# Logistic Regression Baseline for Wildfire Prediction

This notebook demonstrates how to build a **logistic regression** model as a baseline classifier for predicting wildfire occurrences using weather and environmental variables. Logistic regression is a simple yet powerful linear model that estimates the probability of a binary outcome—in this case, whether a wildfire occurs (`fire_occurred = 1`) or not (`fire_occurred = 0`).

Because the wildfire dataset is often highly imbalanced, with far fewer wildfire events than non‑events, it’s important to account for this imbalance when training the model.
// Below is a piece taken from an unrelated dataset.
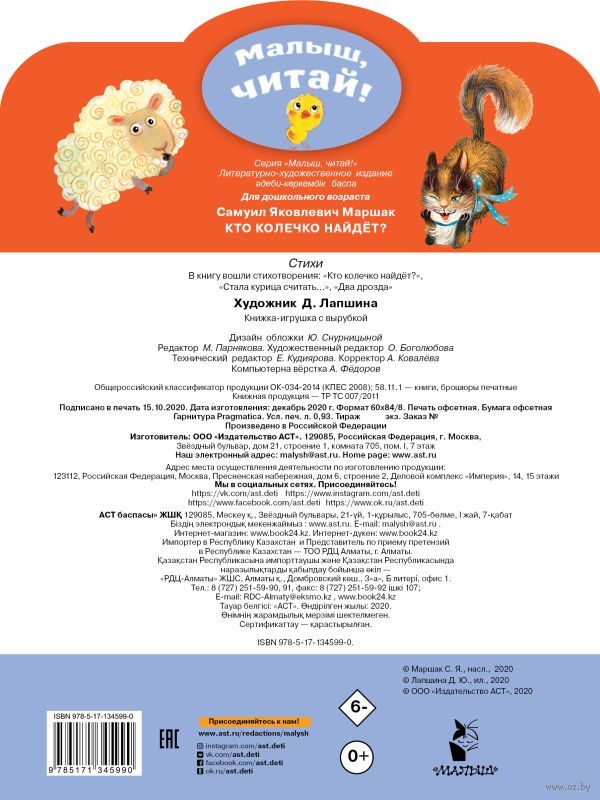| Изготовитель | Творческое кооперативное объединение «АСТ». 129085, РФ, г. Москва, б-р Звездный, 21, стр. 1 |

In the following sections we load the data, perform basic cleaning, engineer features, split the data into training and testing sets, scale the features, train a logistic regression classifier with balanced class weights, and evaluate its performance.


In [1]:
import numpy as np
import pandas as pd
from sklearn.model_selection import train_test_split
from sklearn.preprocessing import StandardScaler
from sklearn.linear_model import LogisticRegression
from sklearn.metrics import classification_report, confusion_matrix, ConfusionMatrixDisplay
import matplotlib.pyplot as plt
import seaborn as sns
import tensorflow as tf
from tensorflow.keras.models import Sequential
from tensorflow.keras.layers import Dense
from tensorflow.keras.optimizers import Adam

# Display settings
pd.set_option('display.max_columns', None)


2025-08-07 01:19:17.497739: I tensorflow/core/platform/cpu_feature_guard.cc:210] This TensorFlow binary is optimized to use available CPU instructions in performance-critical operations.
To enable the following instructions: AVX2 FMA, in other operations, rebuild TensorFlow with the appropriate compiler flags.
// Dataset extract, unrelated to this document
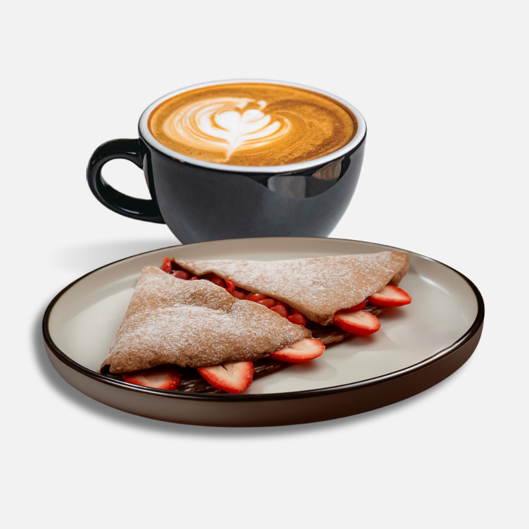 Nuestra crepa más completa con Nutella, fresas y queso crema.

AttributeError: 'MessageFactory' object has no attribute 'GetPrototype'

AttributeError: 'MessageFactory' object has no attribute 'GetPrototype'

AttributeError: 'MessageFactory' object has no attribute 'GetPrototype'

AttributeError: 'MessageFactory' object has no attribute 'GetPrototype'

AttributeError: 'MessageFactory' object has no attribute 'GetPrototype'

AttributeError: 'MessageFactory' object has no attribute 'GetPrototype'

In [2]:
# TODO: Update the file path to point to your data file
data_path = './matched_data_20_miles.csv'

# Load the matched data
final_matched_data = pd.read_csv(data_path)

# Identify quality control (QC) columns and remove rows with unreliable flags
qc_columns = ['qc.1','qc.2','qc.3','qc.4','qc.5','qc.6','qc.7','qc.8','qc.9','qc.10','qc.11','qc.12','qc.13']
excluded_flags = {'M','I','S'}  # Missing, Invalid, or suspect readings

qc_data = final_matched_data[qc_columns].astype(str)
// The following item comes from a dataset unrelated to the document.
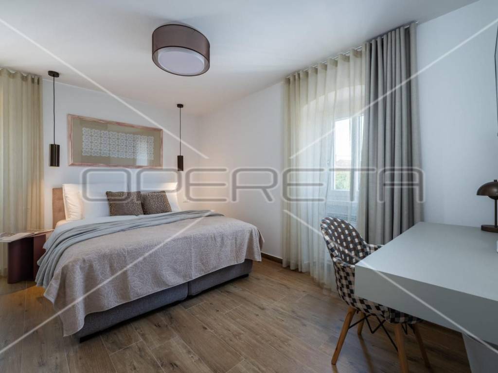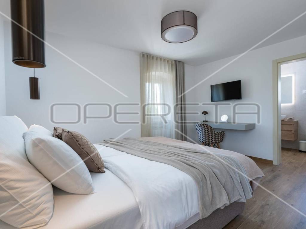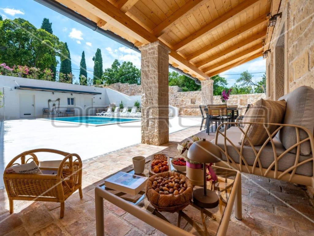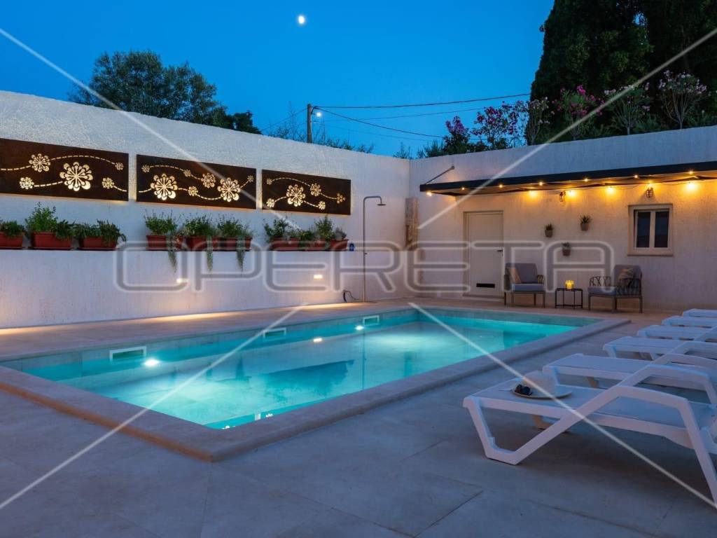 The exterior is divided into two levels; on the upper floor there is a parking lot with a charging station for electric cars, stone steps lead to the lower part where there is a garden with Mediterranean plants, a swimming pool of 32 m2 on the principle of electrolysis with hydromassage (with preparation for heating), a sunbathing area with deck chairs, an outdoor shower, and auxiliary a building with a boiler room and a storage room, as well as a kitchen and a toilet.

def contains_excluded_flag(series, excluded_flags):
    return series.apply(lambda val: any(flag in val for flag in excluded_flags))

# Create a mask for rows without excluded QC flags
column_masks = qc_data.apply(lambda col: ~contains_excluded_flag(col, excluded_flags))
mask = column_masks.all(axis=1)

# Filter out poor‑quality rows
cleaned_data = final_matched_data[mask].copy()
print(f'Removed {(~mask).sum()} rows due to QC flags.')


Removed 13913 rows due to QC flags.


In [3]:
# List the base feature columns
general_features = [
    'ETo (mm)', 'Precip (mm)', 'Sol Rad (W/sq.m)', 'Avg Vap Pres (kPa)',
    'Max Air Temp (C)', 'Min Air Temp (C)', 'Avg Air Temp (C)',
    'Max Rel Hum (%)', 'Min Rel Hum (%)', 'Avg Rel Hum (%)',
    'Dew Point (C)', 'Avg Wind Speed (m/s)', 'Wind Run (km)', 'Avg Soil Temp (C)'
]

# Compute a 7‑day trailing average for each feature within each weather station
for col in general_features:
    cleaned_data[f'{col}_7d_avg'] = (
        cleaned_data.groupby('StationNbr')[col]
        .transform(lambda x: x.rolling(7, min_periods=1).mean())
    )

# Select the trailing average features and the target label
all_trailing_features = [f'{col}_7d_avg' for col in general_features]
X = cleaned_data[all_trailing_features].dropna()
y = cleaned_data.loc[X.index, 'fire_occurred']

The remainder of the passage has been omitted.